RECORDED DATA START

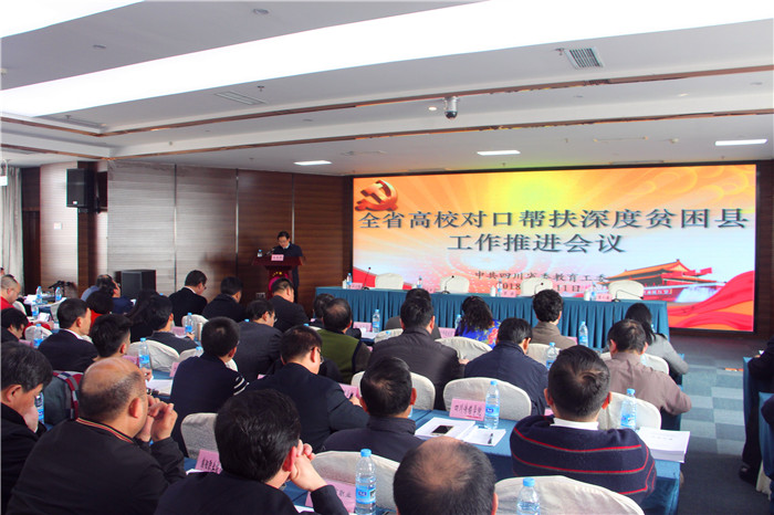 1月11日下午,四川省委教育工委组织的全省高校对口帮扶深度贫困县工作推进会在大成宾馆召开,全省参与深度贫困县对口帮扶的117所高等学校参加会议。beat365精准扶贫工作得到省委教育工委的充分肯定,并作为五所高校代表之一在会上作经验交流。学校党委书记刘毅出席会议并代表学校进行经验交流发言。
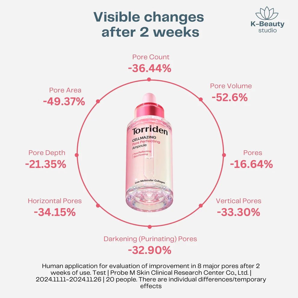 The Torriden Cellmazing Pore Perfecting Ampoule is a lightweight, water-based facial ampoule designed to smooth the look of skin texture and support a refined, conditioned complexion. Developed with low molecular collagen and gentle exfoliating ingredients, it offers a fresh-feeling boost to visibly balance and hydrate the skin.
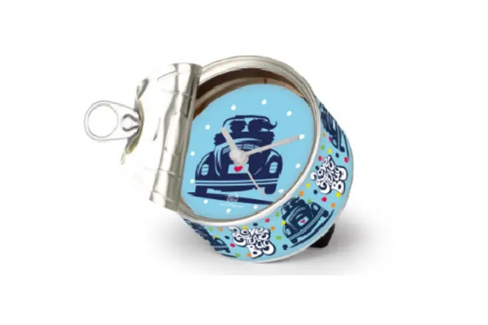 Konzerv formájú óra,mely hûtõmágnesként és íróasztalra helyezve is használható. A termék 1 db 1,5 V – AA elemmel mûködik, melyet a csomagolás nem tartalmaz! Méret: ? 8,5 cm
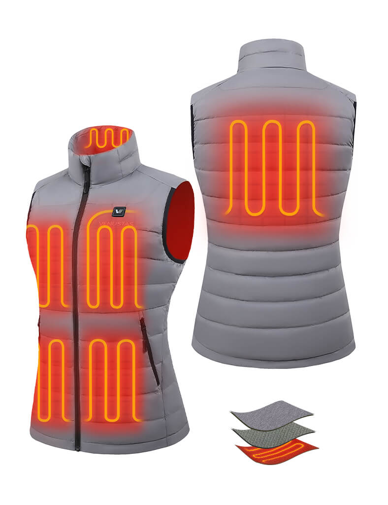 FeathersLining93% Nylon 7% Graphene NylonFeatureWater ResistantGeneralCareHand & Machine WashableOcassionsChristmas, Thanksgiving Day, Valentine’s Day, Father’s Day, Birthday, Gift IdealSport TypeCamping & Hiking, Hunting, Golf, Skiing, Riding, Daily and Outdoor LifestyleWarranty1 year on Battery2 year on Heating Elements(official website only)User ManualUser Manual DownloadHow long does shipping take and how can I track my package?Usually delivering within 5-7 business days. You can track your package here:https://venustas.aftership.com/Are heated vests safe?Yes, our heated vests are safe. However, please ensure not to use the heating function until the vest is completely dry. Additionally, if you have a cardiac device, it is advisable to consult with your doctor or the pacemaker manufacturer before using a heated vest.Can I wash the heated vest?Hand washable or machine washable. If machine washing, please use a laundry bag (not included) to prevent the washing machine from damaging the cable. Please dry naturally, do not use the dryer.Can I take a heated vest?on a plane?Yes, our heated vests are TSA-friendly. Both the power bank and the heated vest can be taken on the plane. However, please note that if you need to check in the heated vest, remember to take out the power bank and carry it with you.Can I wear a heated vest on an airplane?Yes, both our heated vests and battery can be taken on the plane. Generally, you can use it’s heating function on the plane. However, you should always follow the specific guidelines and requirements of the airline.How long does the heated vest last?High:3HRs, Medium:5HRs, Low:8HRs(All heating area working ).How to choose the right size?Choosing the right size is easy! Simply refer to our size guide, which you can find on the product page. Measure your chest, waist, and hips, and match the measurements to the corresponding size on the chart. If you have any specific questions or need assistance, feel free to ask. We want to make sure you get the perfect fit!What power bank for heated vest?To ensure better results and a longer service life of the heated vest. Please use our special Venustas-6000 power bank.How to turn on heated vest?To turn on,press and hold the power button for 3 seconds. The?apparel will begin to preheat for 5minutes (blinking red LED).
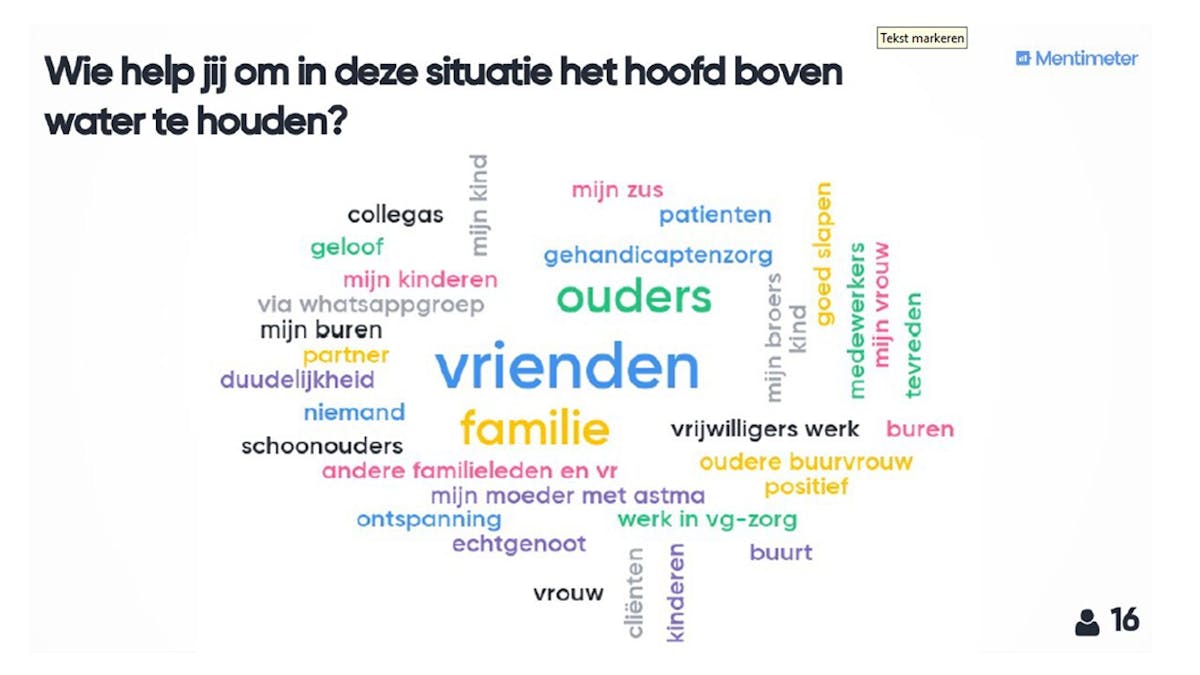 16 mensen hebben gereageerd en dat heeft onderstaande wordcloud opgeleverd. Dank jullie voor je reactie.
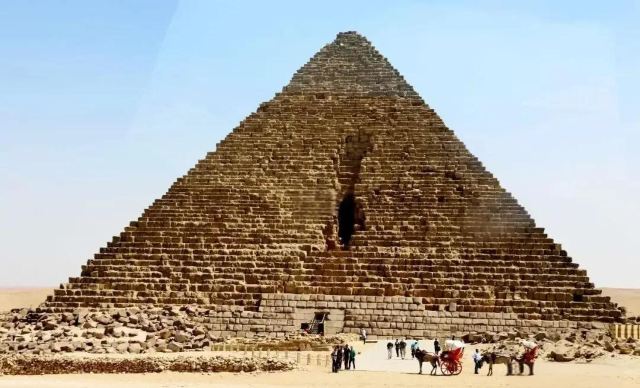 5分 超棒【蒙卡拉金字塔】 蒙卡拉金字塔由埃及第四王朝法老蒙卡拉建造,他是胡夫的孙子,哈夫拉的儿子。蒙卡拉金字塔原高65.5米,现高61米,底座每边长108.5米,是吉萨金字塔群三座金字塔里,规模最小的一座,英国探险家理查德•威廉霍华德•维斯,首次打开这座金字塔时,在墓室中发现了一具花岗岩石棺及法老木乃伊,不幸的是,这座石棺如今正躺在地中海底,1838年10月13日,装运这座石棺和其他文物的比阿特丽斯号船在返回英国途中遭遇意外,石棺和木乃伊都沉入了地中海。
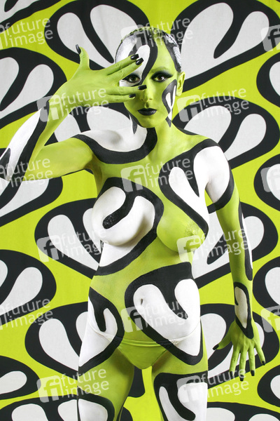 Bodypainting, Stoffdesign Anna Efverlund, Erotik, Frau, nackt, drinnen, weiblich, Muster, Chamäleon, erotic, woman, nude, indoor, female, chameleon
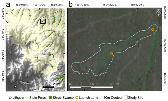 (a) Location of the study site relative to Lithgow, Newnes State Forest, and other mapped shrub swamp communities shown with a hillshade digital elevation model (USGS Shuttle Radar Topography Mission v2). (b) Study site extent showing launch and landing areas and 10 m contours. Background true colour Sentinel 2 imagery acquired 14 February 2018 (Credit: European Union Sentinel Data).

RECORDED DATA END

- TASK TO COMPLETE: Pictures should be left out when the records above are restated exactly.

- SOLUTION FOR THIS EXERCISE:
 1月11日下午,四川省委教育工委组织的全省高校对口帮扶深度贫困县工作推进会在大成宾馆召开,全省参与深度贫困县对口帮扶的117所高等学校参加会议。beat365精准扶贫工作得到省委教育工委的充分肯定,并作为五所高校代表之一在会上作经验交流。学校党委书记刘毅出席会议并代表学校进行经验交流发言。
 The Torriden Cellmazing Pore Perfecting Ampoule is a lightweight, water-based facial ampoule designed to smooth the look of skin texture and support a refined, conditioned complexion. Developed with low molecular collagen and gentle exfoliating ingredients, it offers a fresh-feeling boost to visibly balance and hydrate the skin.
 Konzerv formájú óra,mely hûtõmágnesként és íróasztalra helyezve is használható. A termék 1 db 1,5 V – AA elemmel mûködik, melyet a csomagolás nem tartalmaz! Méret: ? 8,5 cm
 FeathersLining93% Nylon 7% Graphene NylonFeatureWater ResistantGeneralCareHand & Machine WashableOcassionsChristmas, Thanksgiving Day, Valentine’s Day, Father’s Day, Birthday, Gift IdealSport TypeCamping & Hiking, Hunting, Golf, Skiing, Riding, Daily and Outdoor LifestyleWarranty1 year on Battery2 year on Heating Elements(official website only)User ManualUser Manual DownloadHow long does shipping take and how can I track my package?Usually delivering within 5-7 business days. You can track your package here:https://venustas.aftership.com/Are heated vests safe?Yes, our heated vests are safe. However, please ensure not to use the heating function until the vest is completely dry. Additionally, if you have a cardiac device, it is advisable to consult with your doctor or the pacemaker manufacturer before using a heated vest.Can I wash the heated vest?Hand washable or machine washable. If machine washing, please use a laundry bag (not included) to prevent the washing machine from damaging the cable. Please dry naturally, do not use the dryer.Can I take a heated vest?on a plane?Yes, our heated vests are TSA-friendly. Both the power bank and the heated vest can be taken on the plane. However, please note that if you need to check in the heated vest, remember to take out the power bank and carry it with you.Can I wear a heated vest on an airplane?Yes, both our heated vests and battery can be taken on the plane. Generally, you can use it’s heating function on the plane. However, you should always follow the specific guidelines and requirements of the airline.How long does the heated vest last?High:3HRs, Medium:5HRs, Low:8HRs(All heating area working ).How to choose the right size?Choosing the right size is easy! Simply refer to our size guide, which you can find on the product page. Measure your chest, waist, and hips, and match the measurements to the corresponding size on the chart. If you have any specific questions or need assistance, feel free to ask. We want to make sure you get the perfect fit!What power bank for heated vest?To ensure better results and a longer service life of the heated vest. Please use our special Venustas-6000 power bank.How to turn on heated vest?To turn on,press and hold the power button for 3 seconds. The?apparel will begin to preheat for 5minutes (blinking red LED).
 16 mensen hebben gereageerd en dat heeft onderstaande wordcloud opgeleverd. Dank jullie voor je reactie.
 5分 超棒【蒙卡拉金字塔】 蒙卡拉金字塔由埃及第四王朝法老蒙卡拉建造,他是胡夫的孙子,哈夫拉的儿子。蒙卡拉金字塔原高65.5米,现高61米,底座每边长108.5米,是吉萨金字塔群三座金字塔里,规模最小的一座,英国探险家理查德•威廉霍华德•维斯,首次打开这座金字塔时,在墓室中发现了一具花岗岩石棺及法老木乃伊,不幸的是,这座石棺如今正躺在地中海底,1838年10月13日,装运这座石棺和其他文物的比阿特丽斯号船在返回英国途中遭遇意外,石棺和木乃伊都沉入了地中海。
 Bodypainting, Stoffdesign Anna Efverlund, Erotik, Frau, nackt, drinnen, weiblich, Muster, Chamäleon, erotic, woman, nude, indoor, female, chameleon
 (a) Location of the study site relative to Lithgow, Newnes State Forest, and other mapped shrub swamp communities shown with a hillshade digital elevation model (USGS Shuttle Radar Topography Mission v2). (b) Study site extent showing launch and landing areas and 10 m contours. Background true colour Sentinel 2 imagery acquired 14 February 2018 (Credit: European Union Sentinel Data).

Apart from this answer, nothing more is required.